He had one more peach pie in the good refrigerator, the one that worked, so he took the pie out and put it in a burlap bag and stuck the pan of newly cleaned fish in the lower part of the icebox and then switched off all the lights in the fishhouse and headed down the stairs to the landing. It wouldn’t hurt Hydro to have an extra peach pie on hand, if he woke up hungry.
Darkness had fallen across the Delta, and it was especially dark down on the landing, near the boats and under the trees, where the moon didn’t shed much light, but Mr. Raney knew the way, he didn’t stumble. There was a board sidewalk, made out of washed-out, silver-gray two-by-fours, down to the water, onto the dock. Sometimes it was slick, but not tonight.
He made his way along the walk, in the dark, carrying the peach pie in the sack. He might sing “Rescue the Perishing” to Hydro. It was Sunday, after all. Maybe not. Hydro wasn’t partial to church music. He might sing “Money Honey” or “Sixty Minute Man” instead.

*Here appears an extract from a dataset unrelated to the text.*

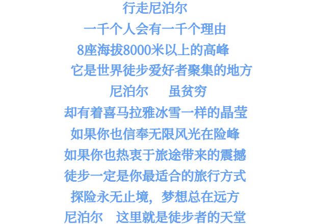 2.海拔最高3210米,植被丰富,几乎无高反情况,适合各种体力的队友,所有团队皆可报名参加活动。 3.全国最大规模的尼泊尔徒步大会,强大的保障团队,优秀领队与协作竭诚为您提供徒步过程中的一切帮助。 4.沿途配套设施完善。180度观景平台,观赏道拉吉里峰的最佳位置,安娜普尔娜群山与鱼尾峰一览无余。 |

He knew where the boat was, the one he would take through the bayou over to the mainland, the leaky old wood boat with nets and poles and tackle boxes and his daddy’s little motor on the back. It was dark, dark down by the water.
He couldn’t see much. He said, “Where are you, boat?” He bent down and felt around in the dark, this way and that way, until he found the bow. He said, “Here you are.”
He pulled it up alongside the landing and stepped in the front end. He unwound the rope from a spar on a creosoted post and picked up a Feather paddle in the bottom of the boat and poled along in the shallow water until he couldn’t reach bottom anymore, then he sculled behind the boat with the paddle.
The dark lake water buoyed him up and lapped softly against the gunwales, as he drifted backwards into the moonlight and rocked back and forth like a baby in a cradle.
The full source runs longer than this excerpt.